Joe's message of Mon, 22 May 2000 16:43:56 -0400
available at
http://lists.w3.org/Archives/Public/xml-uri/2000May/0381.html


> > and if not, the design
> > of XML namespaces doesn't agree with web architecture, which
> > is that important things should be treated as web resources
> > with all the rights and obligations thereof.
> 
> I can't construe any meaning to this statement, it's clearer
> when you stick to:
> 
> > I prefer to discuss these issues in black and white terms
> 
> > using test cases ala the two bats,
> 
> Which case admirably shows why the namespace names should be taken as
> (as specified) the URI reference rather than the absolute URI. With your
> proposed change to the namespace rec your document becomes some sort of
> unstable underspecified non-document that can not in general be queried
> or styled as the element names are underspecified.

Please elaborate in detail about what is underspecified about the
documents in my message
http://lists.w3.org/Archives/Public/xml-uri/2000May/0137.html
under "OPTION 2: ABSOLUTIZE RELATIVE REFERENCES."

Given a base URI, say http://example.org/xyz/,
the absolute URI+ designated by the URI reference in
	xmlns="../2000/vocab#"
is exactly as well-specified as the absolute URI+ designated by
the URI reference in
	href="../2000/vocab#"
in any HTML document. That is:
	http://example.org/2000/vocab#

> > I largely agree with this, but I cannot agree that treating relative
> > URI references as namespace names without absolutizing them is in
> > the spirit of RDF.
> 
> what about other suggestions raised such as using uuid or mid URI
> schemes, what happens to the validity of a mid: URI if you stick an
> element name on the end a la RDF?

Umm.. nothing but the obvious.
The RDF "concatenate the localname with the namespace name"
is something that I'm still not sure I'm happy with, but
the specs are clear enough; e.g. take
	mid:852568E7.0071E352.00@D51MTA03.pok.ibm.com
and append
	Creator
and you get
	mid:852568E7.0071E352.00@D51MTA03.pok.ibm.comCreator
which is still a perfectly good mid: URI.

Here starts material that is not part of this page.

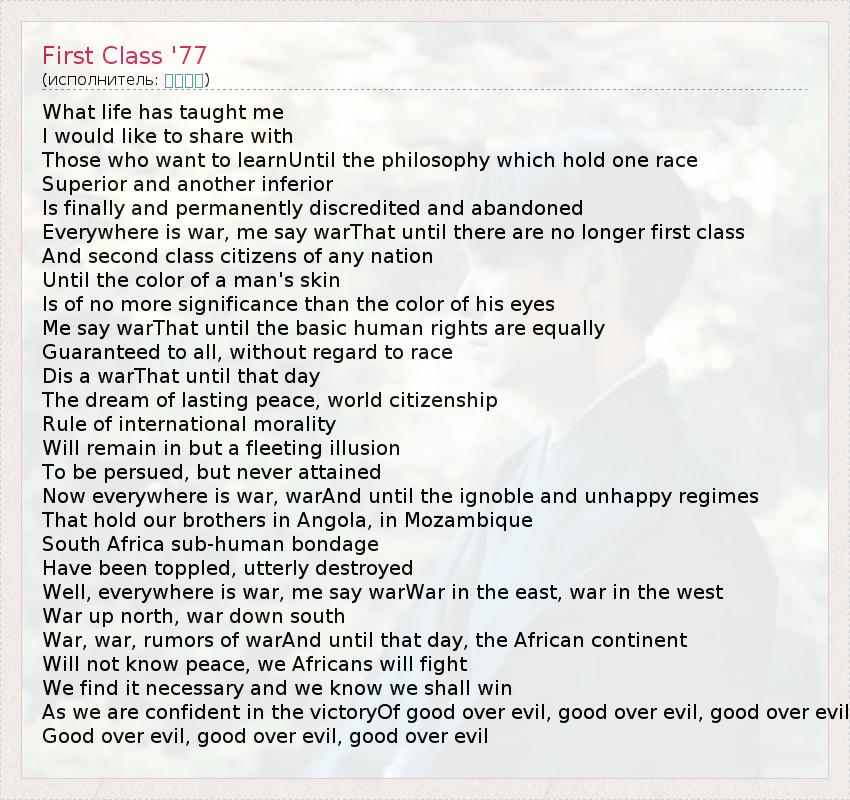 Everywhere is war, me say warThat until there are no longer first class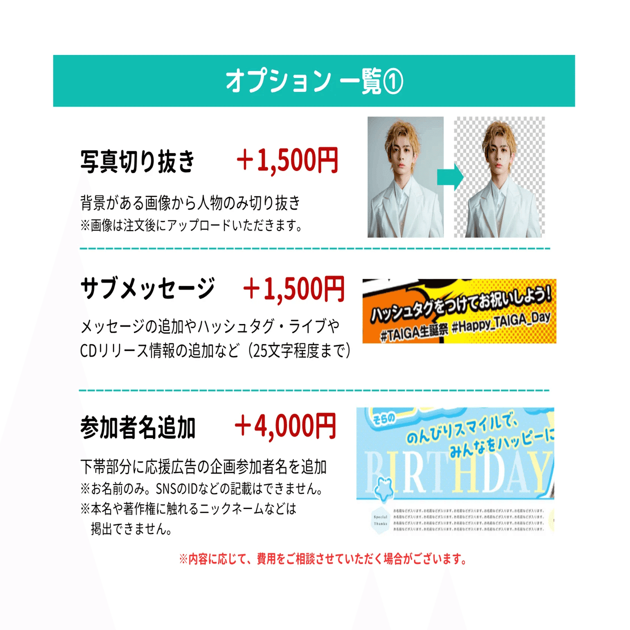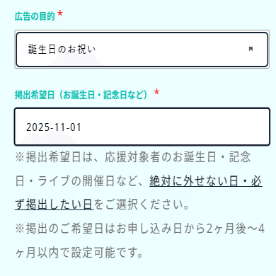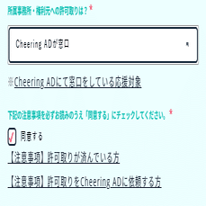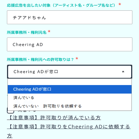 请输入您喜欢的偶像,组名称和代理信息的名称,这些信息将作为支持广告发布。另外,如果您有办公室的许可证,请根据您的情况进行选择。

By "validity" of a mid: URI, I assume you mean that it meets the
constraints of the mid: spec
	http://www.ietf.org/rfc/rfc2111.txt

There are some snarly interactions between RFC822 message-id
syntax and non-ASCII characters in URIs in XML (section 4.2.2
External Entities of XML 1.0
http://www.w3.org/TR/1998/REC-xml-19980210#sec-external-ent). For
example, the document:

	<rdf:RDF xmlns:rdf="http://www.w3.org/1999/02/22-rdf-syntax-ns#"
		xmlns:myNS="mid:852568E7.0071E352.00@D51MTA03.pok.ibm.com">
	  <myNS:sousPropriétéDe/>
	</rdf:RDF>

then the class name used in the child name is

	mid:852568E7.0071E352.00@D51MTA03.pok.ibm.comousPropri%X1%X2t%X1%X2De

(for %X1%X2 please read the utf-8 encoding of é.)

This meets the constraints of general URI syntax, but it's
not a valid mid: URI, because when you URI-decode the stuff
after mid: , the result doesn't parse as an RFC 822 addr-spec
as required by RFC2111.

So don't do that; i.e. don't use names containing non-ascii characters
combined with mid: namespace names that don't end in / or #
as RDF property names

I'm still not sure why you asked those particular questions, but
I hope I've made clear that the answers to them are simple
matters of fact to be found in the relevant specs.